*Problem description:* When you reach the line containing "20th-c. woodblock print", begin reproducing the material exactly, stop after the line containing "无论是木质地板还是家具,大面", and leave out any pictures along the way.

*Data listing:*

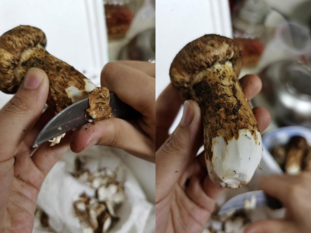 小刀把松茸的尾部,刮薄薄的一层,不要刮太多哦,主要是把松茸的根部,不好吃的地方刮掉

* * *

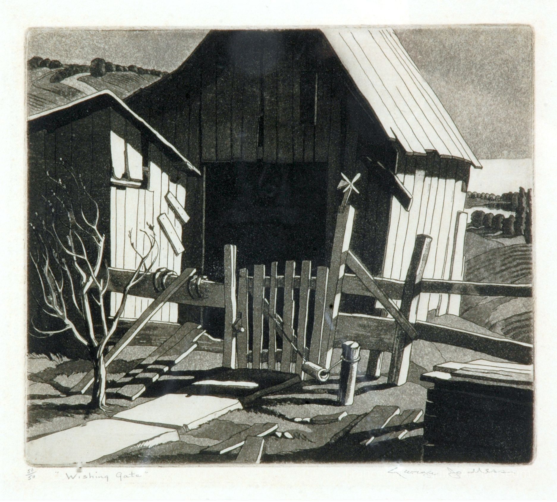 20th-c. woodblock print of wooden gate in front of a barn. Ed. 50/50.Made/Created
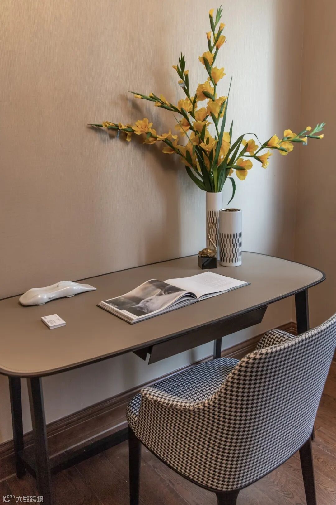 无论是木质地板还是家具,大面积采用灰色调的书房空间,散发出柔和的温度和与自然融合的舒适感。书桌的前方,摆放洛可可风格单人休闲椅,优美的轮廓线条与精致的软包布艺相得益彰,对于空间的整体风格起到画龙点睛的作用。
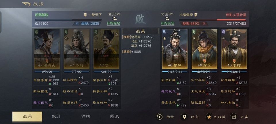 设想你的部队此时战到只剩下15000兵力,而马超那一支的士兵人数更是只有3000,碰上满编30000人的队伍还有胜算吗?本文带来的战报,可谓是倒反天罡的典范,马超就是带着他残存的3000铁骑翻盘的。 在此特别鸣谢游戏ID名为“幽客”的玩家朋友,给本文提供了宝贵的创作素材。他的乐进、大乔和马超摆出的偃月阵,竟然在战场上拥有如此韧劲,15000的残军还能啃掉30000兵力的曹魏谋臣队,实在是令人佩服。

...

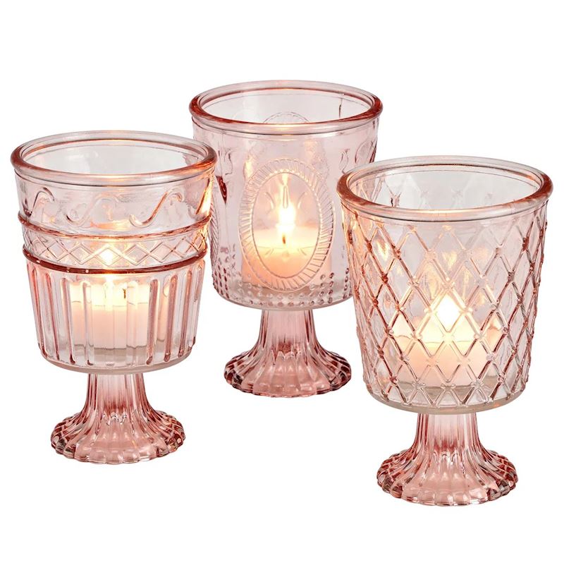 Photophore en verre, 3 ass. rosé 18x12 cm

*Reply:*
 20th-c. woodblock print of wooden gate in front of a barn. Ed. 50/50.Made/Created
 无论是木质地板还是家具,大面积采用灰色调的书房空间,散发出柔和的温度和与自然融合的舒适感。书桌的前方,摆放洛可可风格单人休闲椅,优美的轮廓线条与精致的软包布艺相得益彰,对于空间的整体风格起到画龙点睛的作用。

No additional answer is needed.